Macrophages play an important role in effective innate and adaptive immune responses (Rooijen and Annemarie Sanders, 1997). Cytokines, such as IL-6 and TNF-α, are produced in activated macrophages and critically regulate the immune response (Cheng et al., 2008). The measurement of cytokine production is one method for evaluating the enhancement of innate immunity (Yu et al., 2013). Firstly, we investigated whether VS could stimulate macrophage activity and consequently regulate cytokine production. BMDMs were treated with various doses of VS in the range of 0.1–10 mg/mL for 24 h, and the cytokines in the culture supernatants were quantified by ELISA. LPS, an outer membrane component of Gram-negative bacteria, was used as a positive control because it is known to activate a number of cellular signals in macrophages (Guha and Mackman, 2001). We found that the cytokine production in BMDMs incubated with VS was significantly enhanced (Fig. 1). The levels of IL-6 and TNF-α increased progressively with the increase in the concentration of VS (ranging from 0.1 to 3 mg/mL). However, above 3 mg/mL, cytokine production no longer increased; rather, a slight decrease was observed at 10 mg/mL VS. This indicated that there was a limit to the stimulation of macrophage activity by VS and that additive substances should be identified to enhance the VS-stimulated immune response in macrophages.

Fig. 1

Effect of VS on cytokine production in macrophages. BMDMs were treated with various doses of VS in the range of 0.1–10 mg/mL for 24 h. The levels of IL-6 (A) and TNF-α (B) in the culture supernatants were determined by ELISA. LPS (100 ng/mL) was used as the positive control. All values are represented as the mean ± standard deviation of triplicate experiments. Different letters indicate statistically significant difference (p < 0.05)

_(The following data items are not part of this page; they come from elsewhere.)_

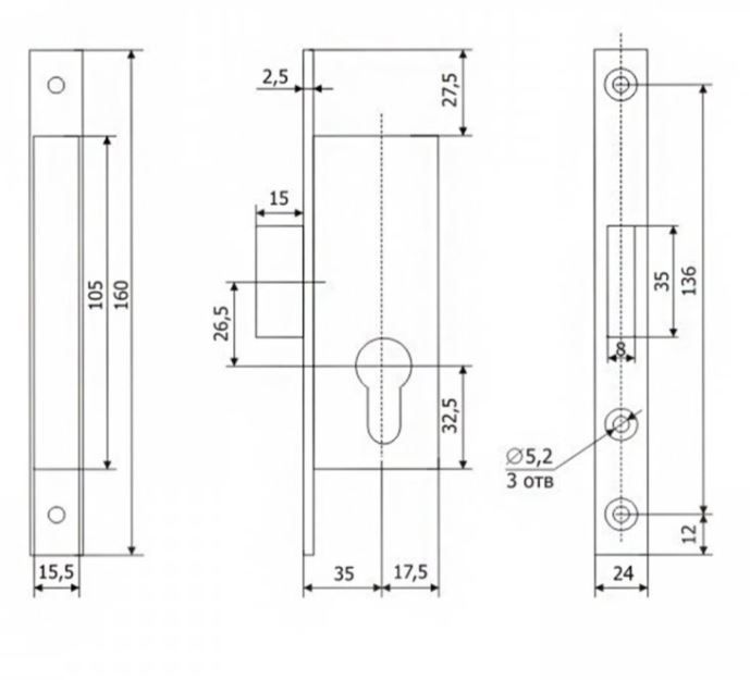 Гардиан PROFI 35.01.24 б/о без ц/м Замок врезной б/руч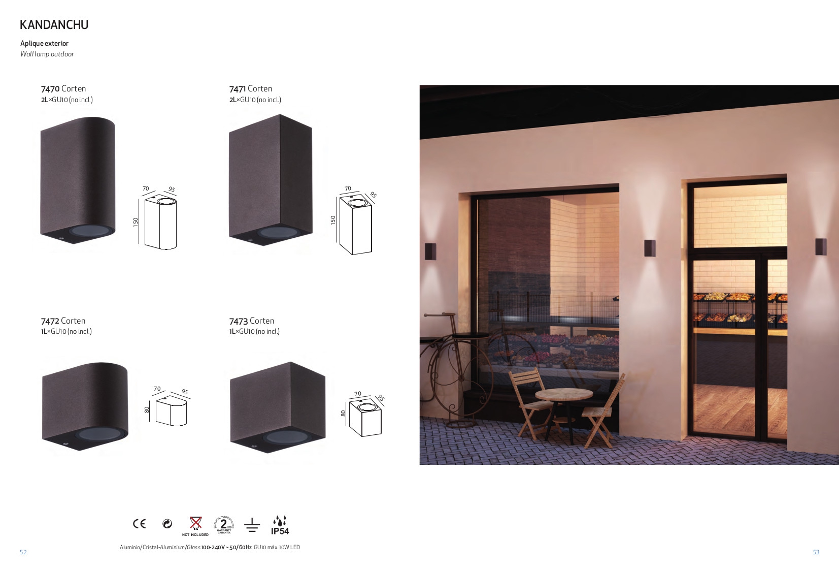 Осветителното тяло 7472 Corten 1 x GU10 (No Incl.) KANDANCHU представлява аплик, външна лампа в съвременен стил. 7472 Corten 1 x GU10 (No Incl.) KANDANCHU е от категорията осветителни тела и е подходящо за осветяване на различни помещения и пространства като: външно осветление, фасадно осветление.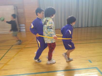 体育館で、のぞみ・あおぞら級合同で運動をしました。おにごっこ、かくれんぼ、キャッチボール、列車ごっこなど友達と仲よく遊びました。上学年の子が下学年の子に優しく接していました。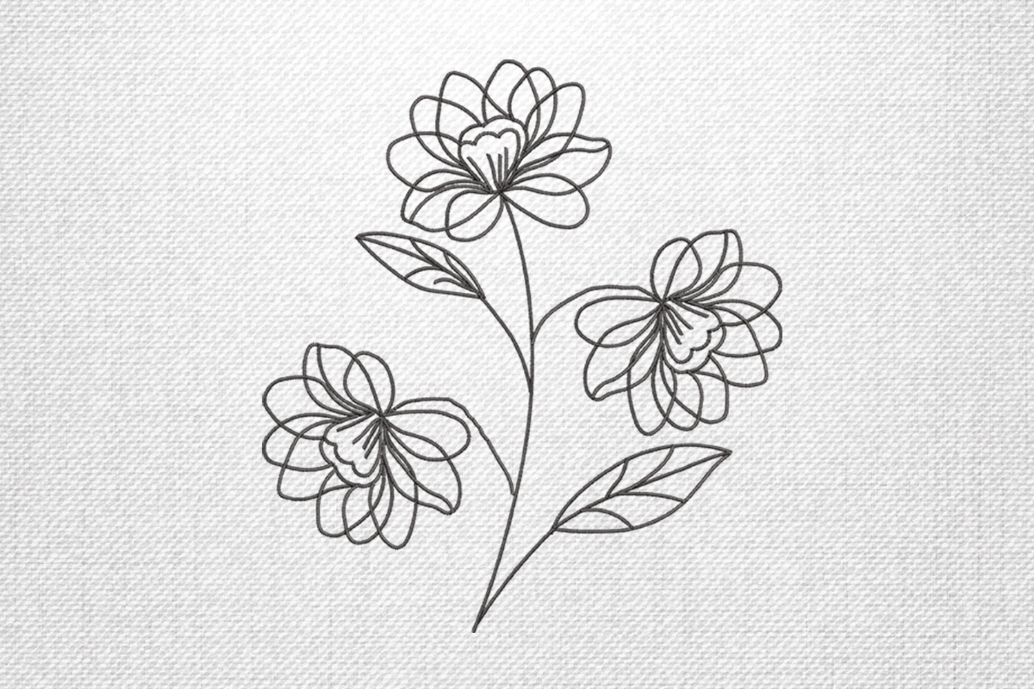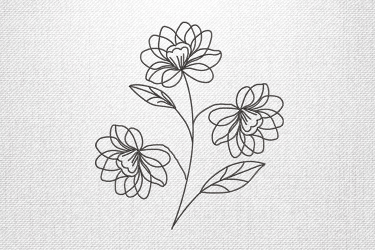 • Elegant triple flower line art embroidery design

VS is a complex extract consisting of five ingredients: radish roots and leaves, carrot roots, burdock roots, and shiitake mushrooms. It was wondered which ingredients in VS could enhance the immune response of macrophages. BMDMs were incubated with 1 mg/mL individual ingredients of VS for 24 h, and the cytokines in the culture supernatants were quantified by ELISA. While the cytokine production was considerably enhanced by VS, the ingredients had little effect on macrophages (Fig. S1). In recent studies, the oligo- or poly-saccharides isolated from burdock roots, carrot roots, and shiitake mushrooms have shown the immunomodulatory activities in immune cells (Morales et al., 2020; Sun et al., 2020; Zhang et al., 2019). It was suggested that the compounds of VS induced the immune response and that their combination synergistically improved the response of macrophages.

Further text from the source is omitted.